START Supplied material
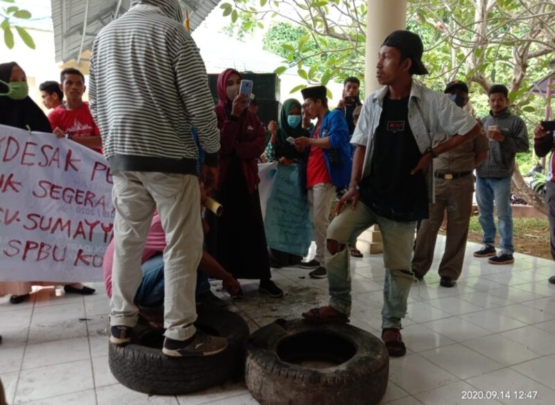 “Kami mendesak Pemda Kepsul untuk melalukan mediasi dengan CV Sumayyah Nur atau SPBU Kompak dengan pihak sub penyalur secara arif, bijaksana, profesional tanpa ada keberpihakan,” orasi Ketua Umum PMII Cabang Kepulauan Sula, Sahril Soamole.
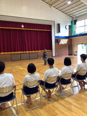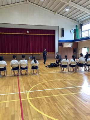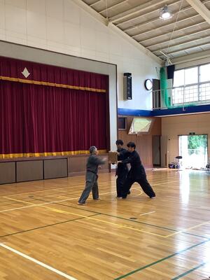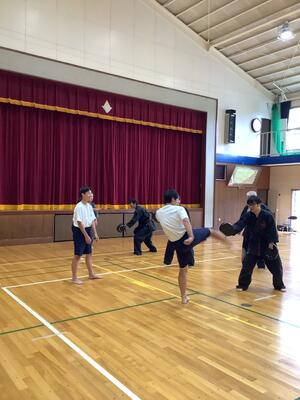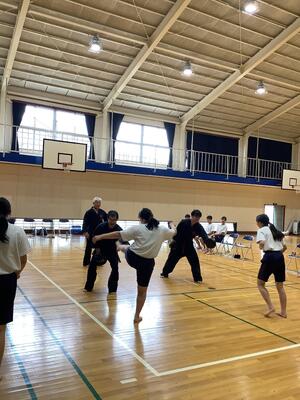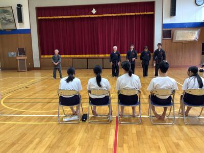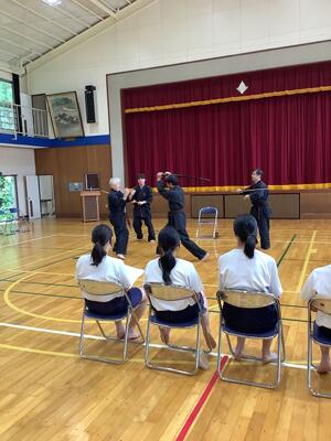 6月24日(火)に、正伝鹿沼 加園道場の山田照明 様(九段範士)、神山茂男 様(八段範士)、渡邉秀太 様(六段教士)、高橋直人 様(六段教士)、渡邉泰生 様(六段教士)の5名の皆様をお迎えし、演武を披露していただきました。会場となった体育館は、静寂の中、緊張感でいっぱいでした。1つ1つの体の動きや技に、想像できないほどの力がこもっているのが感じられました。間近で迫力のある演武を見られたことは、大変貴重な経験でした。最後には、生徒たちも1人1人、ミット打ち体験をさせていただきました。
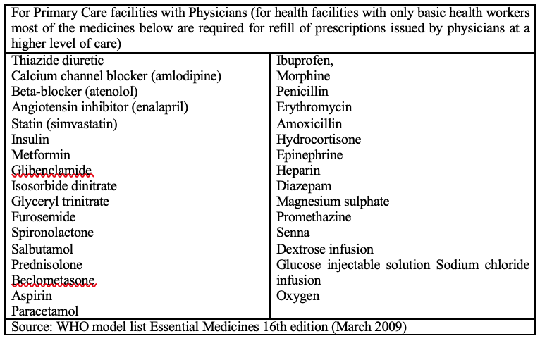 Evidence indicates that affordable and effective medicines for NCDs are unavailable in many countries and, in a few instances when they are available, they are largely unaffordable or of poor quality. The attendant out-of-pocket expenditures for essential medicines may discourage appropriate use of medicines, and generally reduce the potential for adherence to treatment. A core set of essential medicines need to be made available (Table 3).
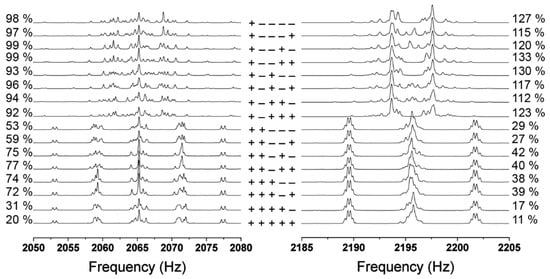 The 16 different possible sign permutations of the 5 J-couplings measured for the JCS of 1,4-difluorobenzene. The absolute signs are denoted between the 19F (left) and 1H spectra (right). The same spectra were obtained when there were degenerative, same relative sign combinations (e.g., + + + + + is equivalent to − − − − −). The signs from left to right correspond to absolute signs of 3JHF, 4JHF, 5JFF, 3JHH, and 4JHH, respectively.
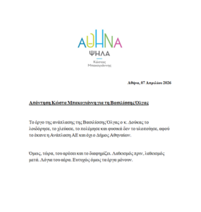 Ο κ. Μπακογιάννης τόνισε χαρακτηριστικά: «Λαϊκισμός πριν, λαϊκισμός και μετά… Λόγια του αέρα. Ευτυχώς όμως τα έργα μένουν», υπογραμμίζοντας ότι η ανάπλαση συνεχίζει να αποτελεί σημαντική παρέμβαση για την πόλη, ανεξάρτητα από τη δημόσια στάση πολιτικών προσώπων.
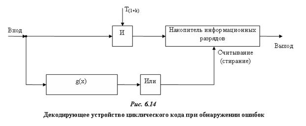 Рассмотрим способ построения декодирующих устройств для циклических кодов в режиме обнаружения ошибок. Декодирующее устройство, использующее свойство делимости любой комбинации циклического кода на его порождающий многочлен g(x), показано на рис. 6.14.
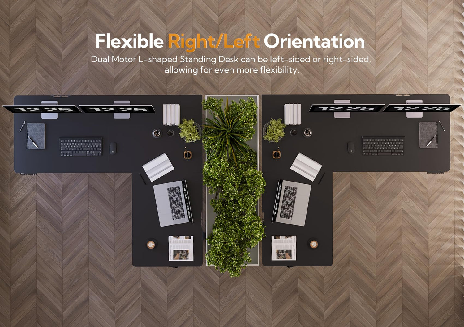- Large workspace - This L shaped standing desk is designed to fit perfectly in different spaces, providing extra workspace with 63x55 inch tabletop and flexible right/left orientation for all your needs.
END Supplied material
START Supplied material
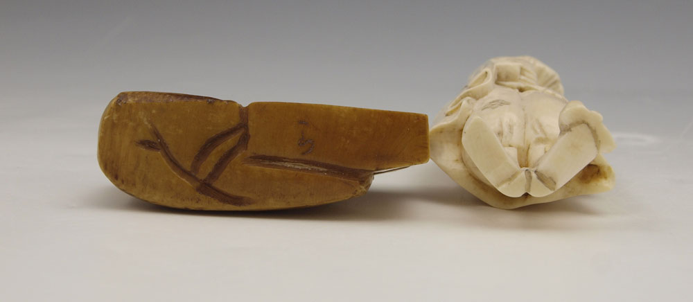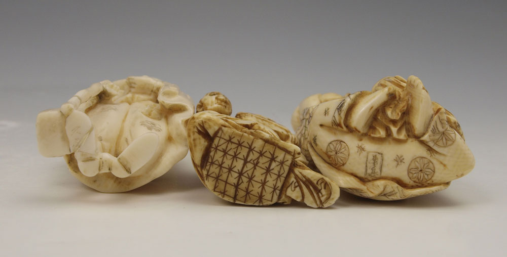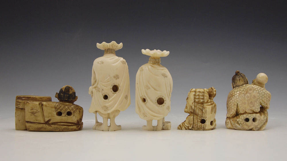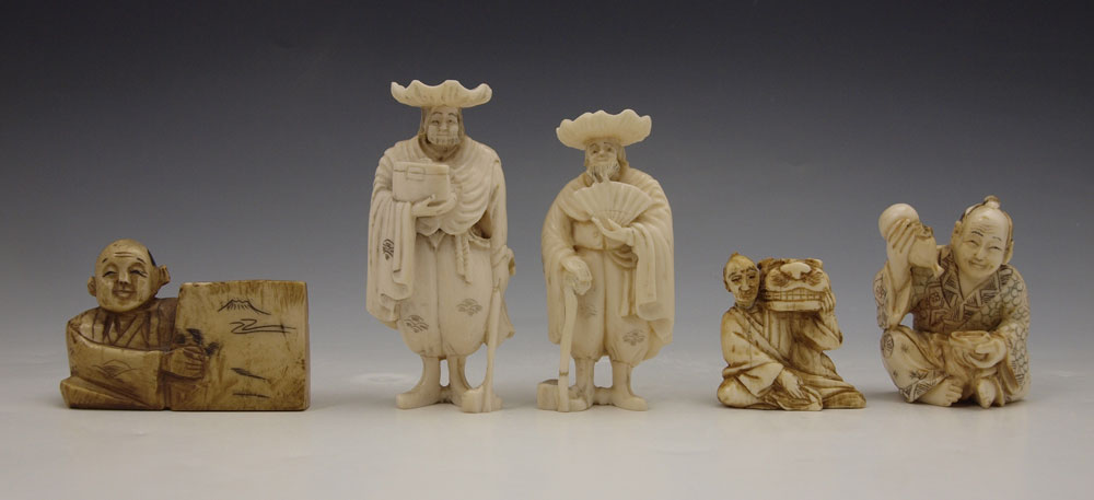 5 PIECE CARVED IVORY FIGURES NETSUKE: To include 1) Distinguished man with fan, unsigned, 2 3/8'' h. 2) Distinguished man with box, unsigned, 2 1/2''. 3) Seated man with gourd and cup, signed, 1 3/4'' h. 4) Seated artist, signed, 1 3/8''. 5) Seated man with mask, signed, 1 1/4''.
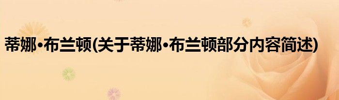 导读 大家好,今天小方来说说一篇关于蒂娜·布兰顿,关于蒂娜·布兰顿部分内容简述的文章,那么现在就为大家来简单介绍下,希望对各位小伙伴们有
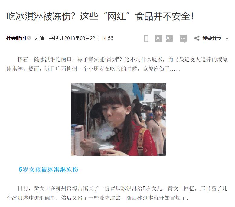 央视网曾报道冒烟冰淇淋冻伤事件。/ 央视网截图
END Supplied material
START Supplied material
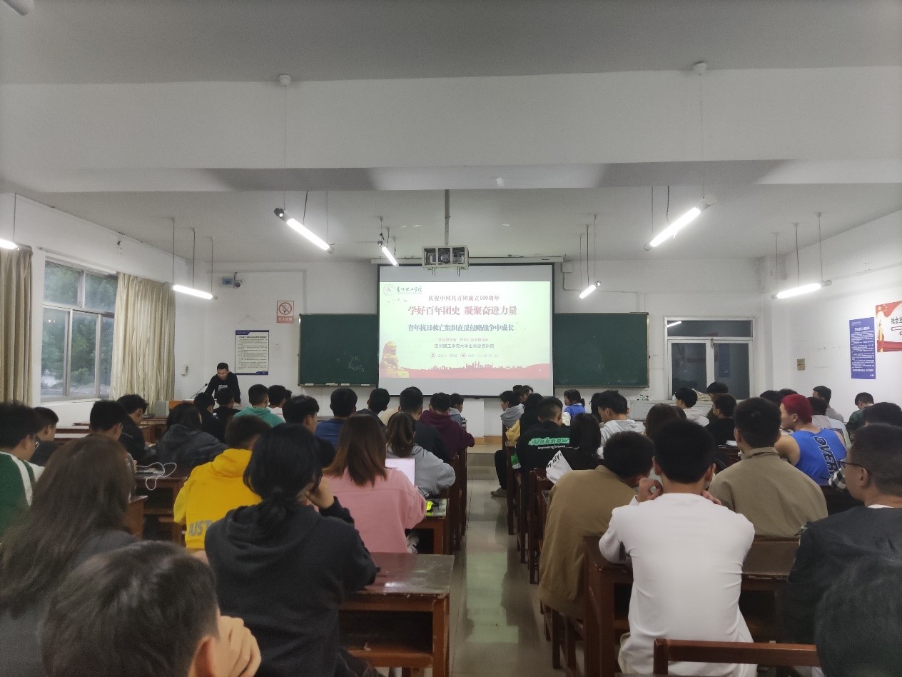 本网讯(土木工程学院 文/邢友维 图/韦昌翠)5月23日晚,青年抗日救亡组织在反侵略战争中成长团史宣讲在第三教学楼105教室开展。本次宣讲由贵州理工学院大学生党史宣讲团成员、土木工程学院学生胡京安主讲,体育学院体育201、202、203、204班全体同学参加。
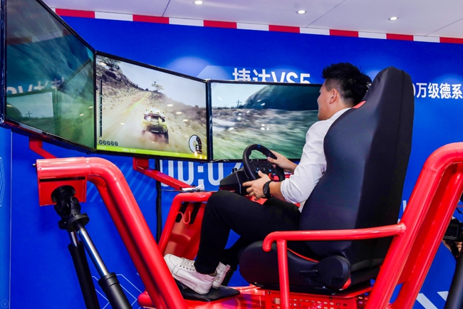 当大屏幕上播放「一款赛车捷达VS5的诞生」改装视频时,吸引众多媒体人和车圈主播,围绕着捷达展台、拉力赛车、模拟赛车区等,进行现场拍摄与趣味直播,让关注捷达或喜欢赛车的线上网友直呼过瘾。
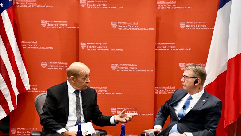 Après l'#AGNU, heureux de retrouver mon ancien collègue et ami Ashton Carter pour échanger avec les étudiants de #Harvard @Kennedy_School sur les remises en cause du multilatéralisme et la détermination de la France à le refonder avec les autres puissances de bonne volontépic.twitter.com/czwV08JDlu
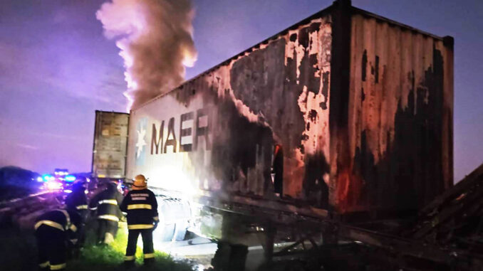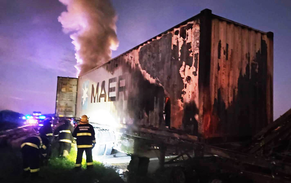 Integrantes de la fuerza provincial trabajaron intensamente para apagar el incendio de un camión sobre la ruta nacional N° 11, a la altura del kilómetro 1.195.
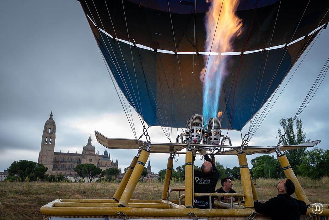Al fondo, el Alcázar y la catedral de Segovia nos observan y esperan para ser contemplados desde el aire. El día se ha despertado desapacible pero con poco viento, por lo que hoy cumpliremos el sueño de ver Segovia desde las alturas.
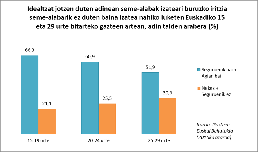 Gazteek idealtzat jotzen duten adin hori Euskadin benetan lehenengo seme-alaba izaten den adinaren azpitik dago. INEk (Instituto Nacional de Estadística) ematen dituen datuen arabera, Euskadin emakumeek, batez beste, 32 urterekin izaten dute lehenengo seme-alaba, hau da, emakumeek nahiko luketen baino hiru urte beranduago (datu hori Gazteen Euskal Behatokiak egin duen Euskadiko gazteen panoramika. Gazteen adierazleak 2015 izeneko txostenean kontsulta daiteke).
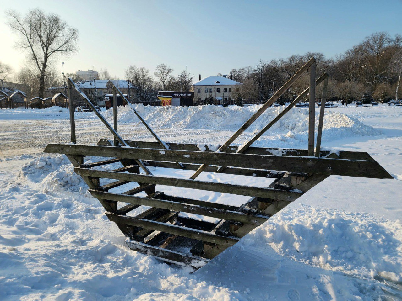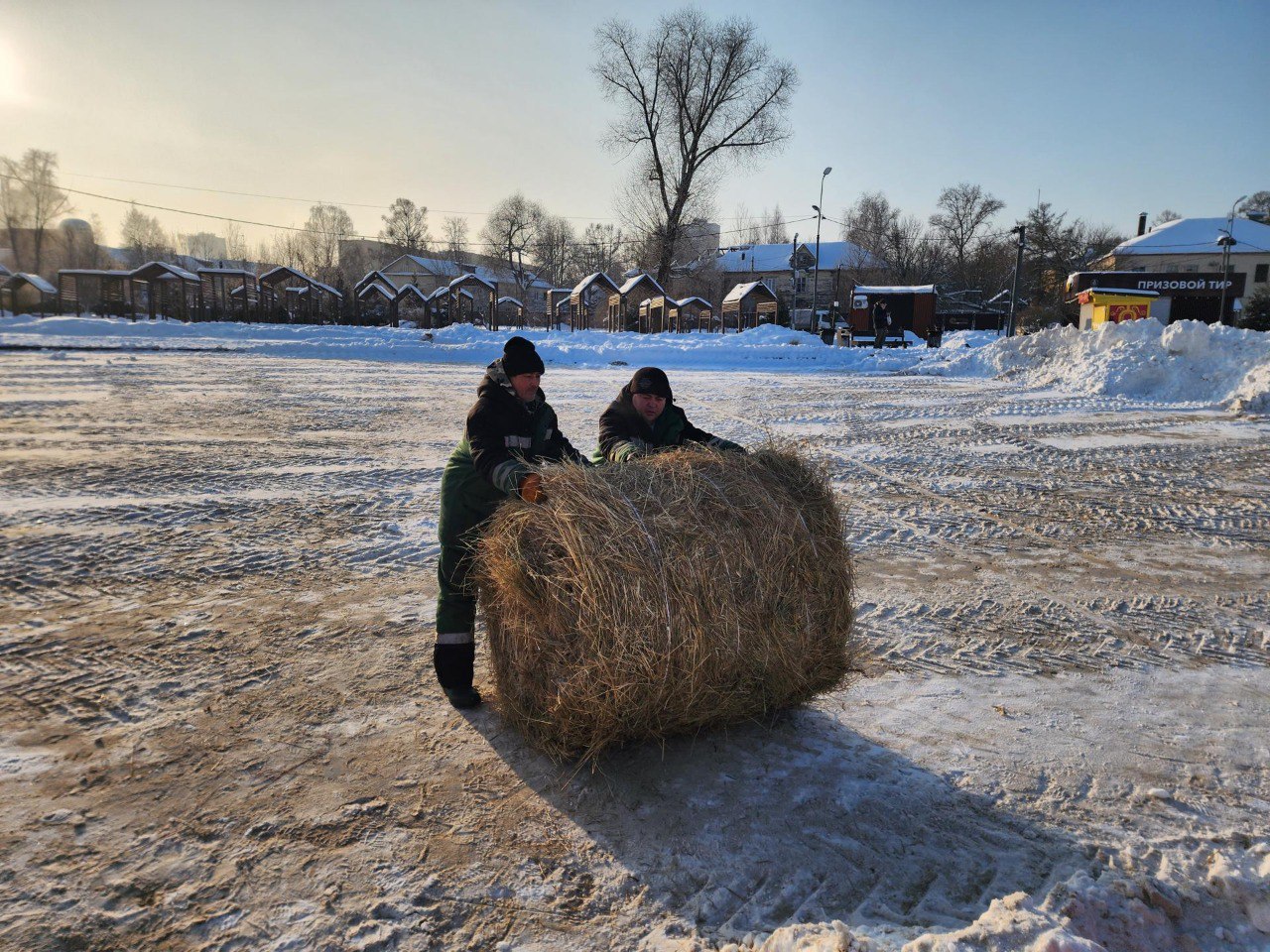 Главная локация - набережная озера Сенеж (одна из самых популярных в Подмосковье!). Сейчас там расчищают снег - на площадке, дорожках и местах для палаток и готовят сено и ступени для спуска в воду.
END Supplied material
=== Your instructions ===
Give back exactly the lines above from the one with "Sula, Sahril Soamole." through the one with "6月24日(火)に、正伝鹿沼 加園道場の山田照明 様(九段範士)、神山茂男", both included. Pictures don't belong in the copy.

=== Solution to this exercise ===
 “Kami mendesak Pemda Kepsul untuk melalukan mediasi dengan CV Sumayyah Nur atau SPBU Kompak dengan pihak sub penyalur secara arif, bijaksana, profesional tanpa ada keberpihakan,” orasi Ketua Umum PMII Cabang Kepulauan Sula, Sahril Soamole.
 6月24日(火)に、正伝鹿沼 加園道場の山田照明 様(九段範士)、神山茂男 様(八段範士)、渡邉秀太 様(六段教士)、高橋直人 様(六段教士)、渡邉泰生 様(六段教士)の5名の皆様をお迎えし、演武を披露していただきました。会場となった体育館は、静寂の中、緊張感でいっぱいでした。1つ1つの体の動きや技に、想像できないほどの力がこもっているのが感じられました。間近で迫力のある演武を見られたことは、大変貴重な経験でした。最後には、生徒たちも1人1人、ミット打ち体験をさせていただきました。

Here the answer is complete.